Once again I've been torn away from my writing due to my children's needs. How DARE they??? Truth be told, I don't mind. Actually, real truth? I'm a little obsessive, apparently.
I have been assuming that when children are sick, you just don't get much sleep or do anything other than hover over them constantly with a watchful eye. Little did I know that other parents don't do that. Say what?
My daughter missed all of the last week of school. She started with a reaction to her new earrings. That resulted in a big cyst behind each ear. It turned into a fever so off we went to the clinic. (side bar-as we are new to the city we have no doctor here so the clinic is our new best friend!) While we were there, they checked her slight cough and said to take the earrings out and put some Polysporin on daily. The cough? Likely just a cold starting.
We went home and started following the advice. That night, her fever rose steadily higher. I spent the night with her in my bed, kicking my husband out to sleep with a hundred Webkinz in a cozy, pink floral cloud. He LOVED it.
The next day, the fever was even higher. I spent the day bringing her drinks and snacks on a tray in my bed. We watched movies and napped. Well, she napped. I spent my time staring at her and wiping her face and brow with a lukewarm facecloth and trying to remember when I last gave her Tylenol.

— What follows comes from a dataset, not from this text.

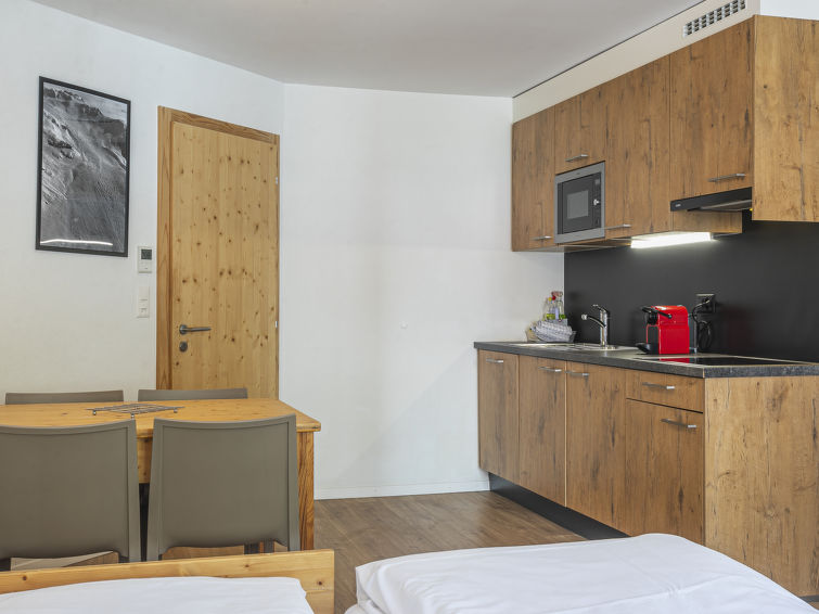 "T-Resort La Tzoumaz 2p4", 2-room apartment 33 to 40 m2. Bright, comfortable and modern furnishings: living/dining room with 1 pull-out bed (2 x 80 cm, length 200 cm), digital TV, international TV channels and flat screen. 1 room with 1 double bed (2 x 80 cm, length 200 cm). Open kitchen (dishwasher, 4 induction hot plates, microwave, electric coffee machine, Capsules for coffee machine (Nespresso) extra) with dining table. Bath/WC, sep. WC. Heating. Balcony or terrace. View of the ski run and the countryside. Facilities: children's high chair, baby cot (extra). Internet (WiFi, free). Please note: suitable for families. Non-smoking house. Maximum 1 pet/ dog allowed.

We entered the clinic doors once more, this time to hear the news that her slight cold was a chest infection. She started Amoxicillan to combat the nasty germs and hopefully bring the high fever down a notch or five.
When my kids are sick, I basically don't sleep. In our house, if you have a fever or bad cough or a gastro deal, you sleep with Mommy. Yay me! Honestly though, it's easier for me that way. If they were in their own beds, I'd just spend the night walking the halls checking them over and over. I ensure they get meds consistently. I place cloths to cool them down and bring them drinks to sip throughout the night. At some point sheer exhaustion takes over and I succumb to a fitful slumber, despite my best efforts to valiantly stay on the alert.
I thought that was just the typical Mommy duty for those sickly times. I have come to learn that not all of my Mommy friends feel the same way! Many of them said they give their kids some meds before bed and close their doors. They tuck themselves in their own little nests and don't rise again til morning, or until their child might come to seek them out.
Really????? That's a completely foreign concept to me!
I'm not looking for some sort of Florence Nightingale Award for exceptional care taking. I know that my need to hover is just who I am and part of my OCD nature. Sure, some little part of me likes carrying trays and preparing chicken broth and toast and tea. I mean, how often do they need me and want me so sweetly and appreciatively? I credit it to my childhood aspiration to be a Pediatrician. I have a real need to nurture the people in my life. That's surprising even to me cause I'm such a non-sappy cynic most of the time.
We're all recovered here now and back to the daily grind. At least the rest of my family is feeling healthy and rested. Me? I'm starting to feel a little under the weather. I guess that's one of the hazards of sleeping with the sickies and letting them cough into your chest as you hold them close.
It's a price I'll be happy to pay over and over again. Hopefully I won't HAVE to mind you! (I wish health and wellness on all of us!) When the call comes though, I'll be ready-thermometer and cool drink in tow.